• _Source material_:
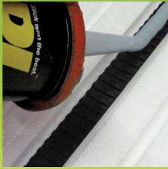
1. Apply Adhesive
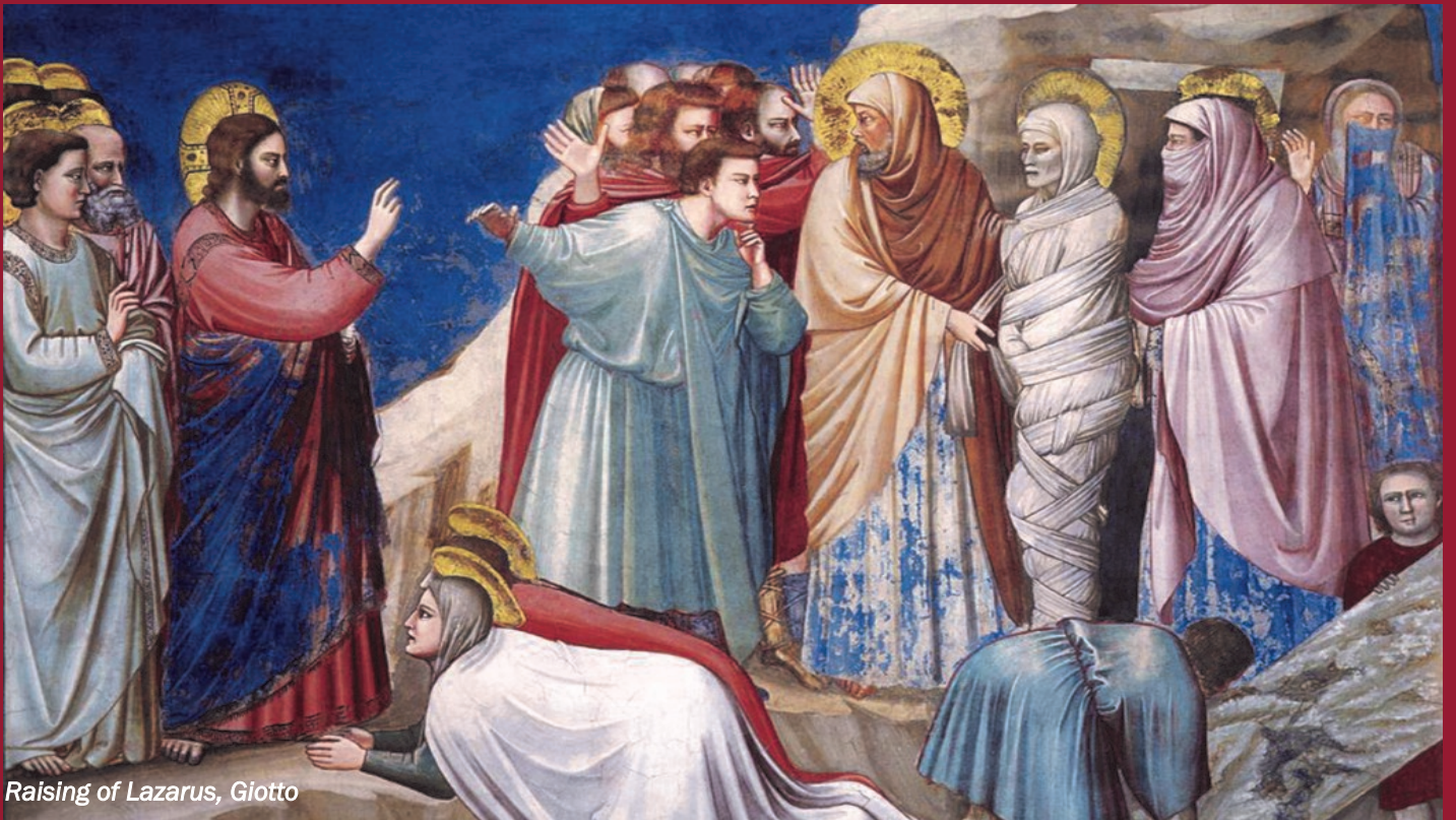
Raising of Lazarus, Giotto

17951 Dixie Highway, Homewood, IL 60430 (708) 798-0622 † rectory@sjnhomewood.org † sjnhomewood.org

• _Try it_:
Give an exact copy of the material, leaving out every picture.

• _Result of this task_:
1. Apply Adhesive
Raising of Lazarus, Giotto

17951 Dixie Highway, Homewood, IL 60430 (708) 798-0622 † rectory@sjnhomewood.org † sjnhomewood.org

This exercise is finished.